The early antecedents of cerebral palsy (CP) are unknown but are suspected to be due to hypoxia-ischemia (H-I). In our rabbit model of CP, the MRI biomarker, ADC on diffusion-weighted imaging, predicted which fetuses will develop postnatal hypertonia. Surviving H-I fetuses experience reperfusion-reoxygenation but a sub-population manifested a continued decline of ADC during early reperfusion-reoxygenation, which possibly represented greater brain injury (RepReOx). We hypothesized that oxidative stress in reperfusion-reoxygenation is a critical trigger for postnatal hypertonia. We investigated if RepReOx predicted postnatal neurobehavior, indicated oxidative stress, and if targeting antioxidants at RepReOx ameliorated motor deficits, which included testing of a new superoxide dismutase mimic (MnTnHex-2-PyP).
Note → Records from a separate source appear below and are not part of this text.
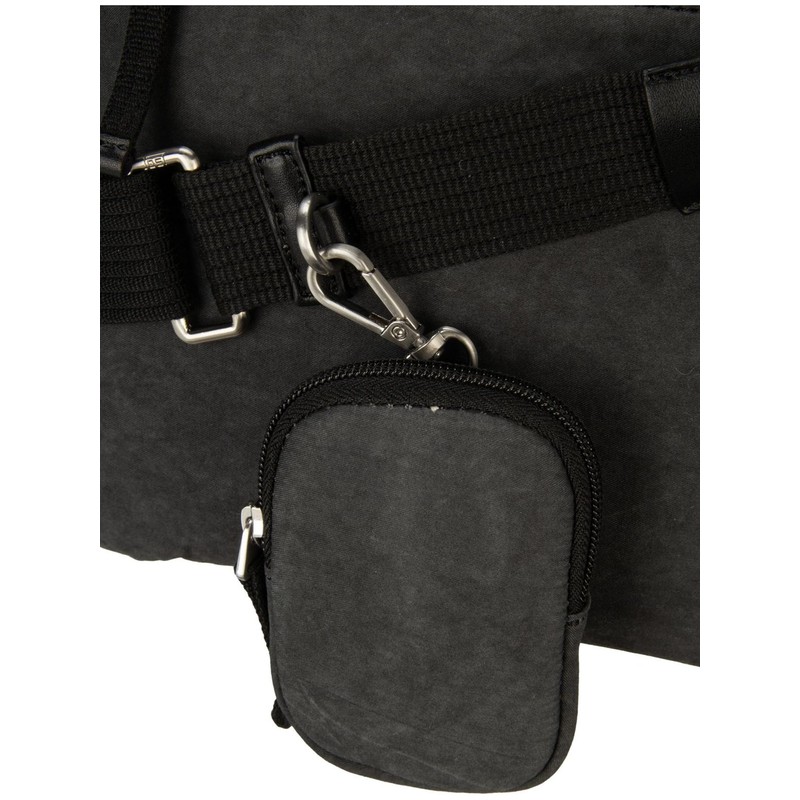 On the back 1 carabiner hook for shoulder straps and 1 flap with press stud for shoulder straps.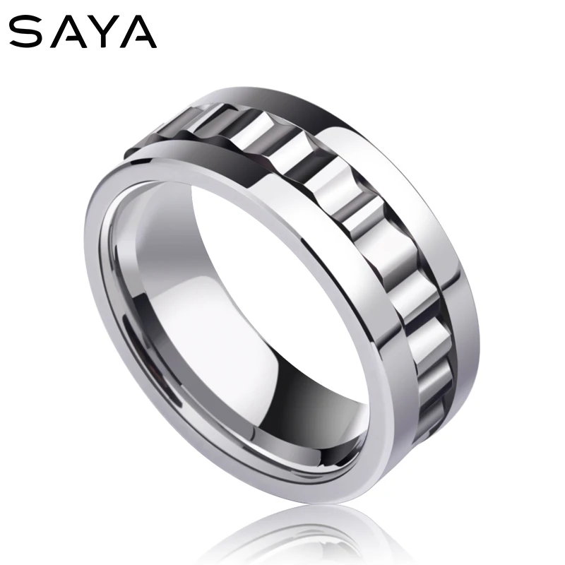 2021 Erkekler Tungsten Yuzuk 8mm Genislik Ile Yuksek Cilali Doner Disli Sansli Yuzuk Ucretsiz Kargo Gravur Null Aliexpress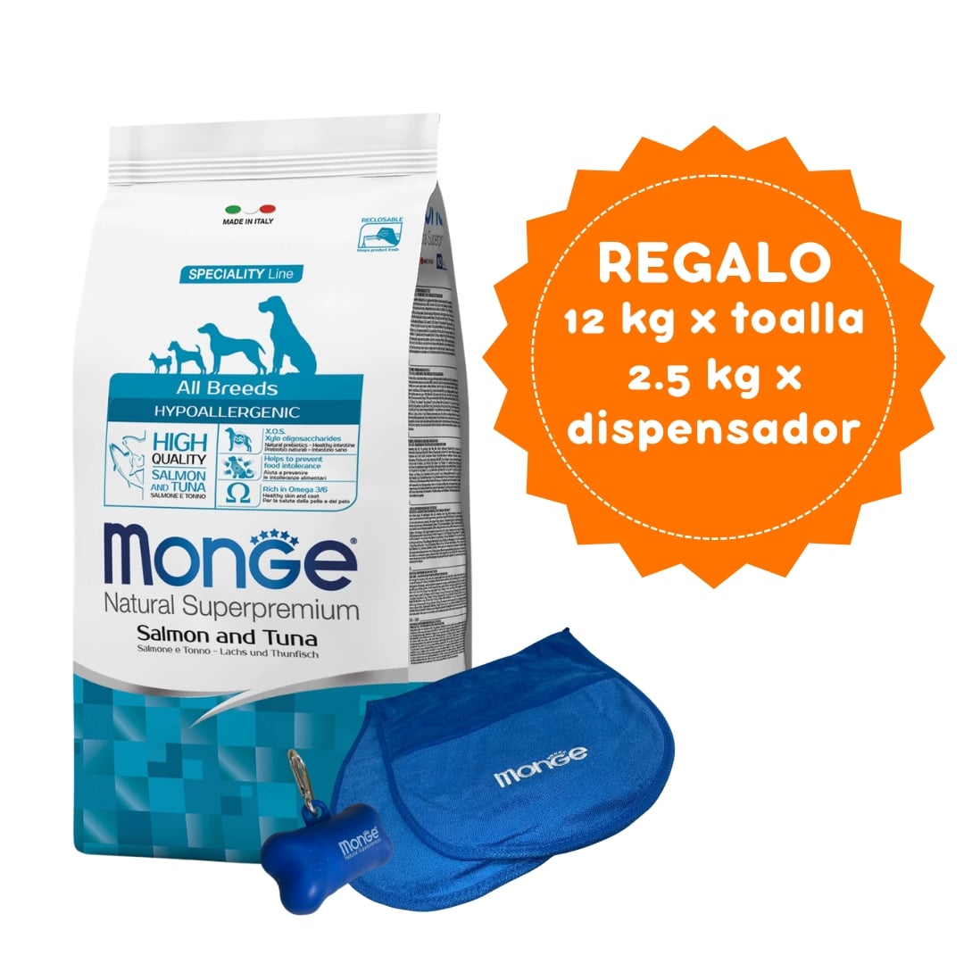 Monge Natural Superpremium Línea Hipoalergénica con salmón y atún es un alimento dietético completo para perros adultos, formulado para reducir las intolerancias de ingredientes y nutrientes con una fuente de carbohidratos seleccionada (arroz).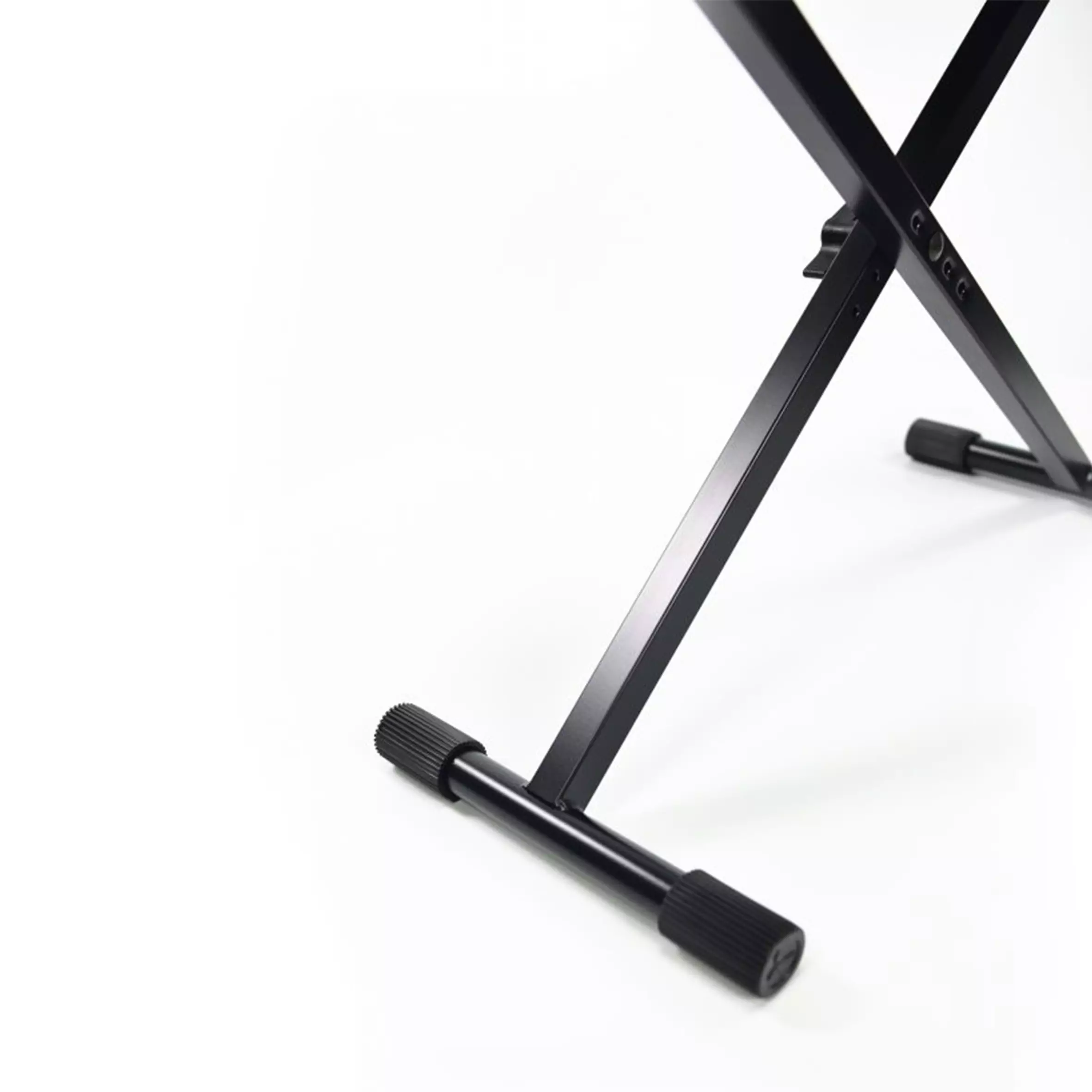 Comfortable bench for keyboard players. Simple and stable construction with regulated height. Comfortable seat made of ecological leather.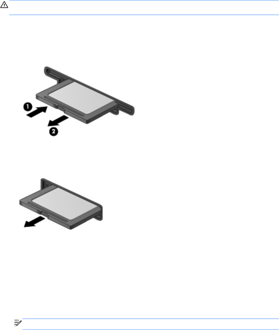 3. Either press in on the card (1), and then remove it from the slot (2).

Rabbit dams, 79% gestation (E25), were subjected to 40-min uterine ischemia. Fetal brain ADC was followed during H-I, immediate reperfusion-reoxygenation, and 4-72 hours after H-I. Endpoints were postnatal neurological outcome at E32, ADC at end of, ADC nadir during H-I and reperfusion-reoxygenation, and area under ADC during first 20-min reperfusion-reoxygenation. Antioxidants targeting RepReOx were administered before and/or after uterine ischemia.
The new MRI-ADC biomarker for RepReOx improved prediction of postnatal hypertonia. Greater superoxide production, mitochondrial injury and oligodendroglial loss occurred in fetal brains exhibiting RepReOx than in those without. The antioxidants, MnTnHex-2-PyP, and Ascorbate and Trolox combination, significantly decreased postnatal motor deficits and extent of RepReOx. The etiological link between early injury and later motor deficits can thus be investigated by MRI and allows us to distinguish between critical oxidative stress that causes motor deficits from non-critical oxidative stress that does not.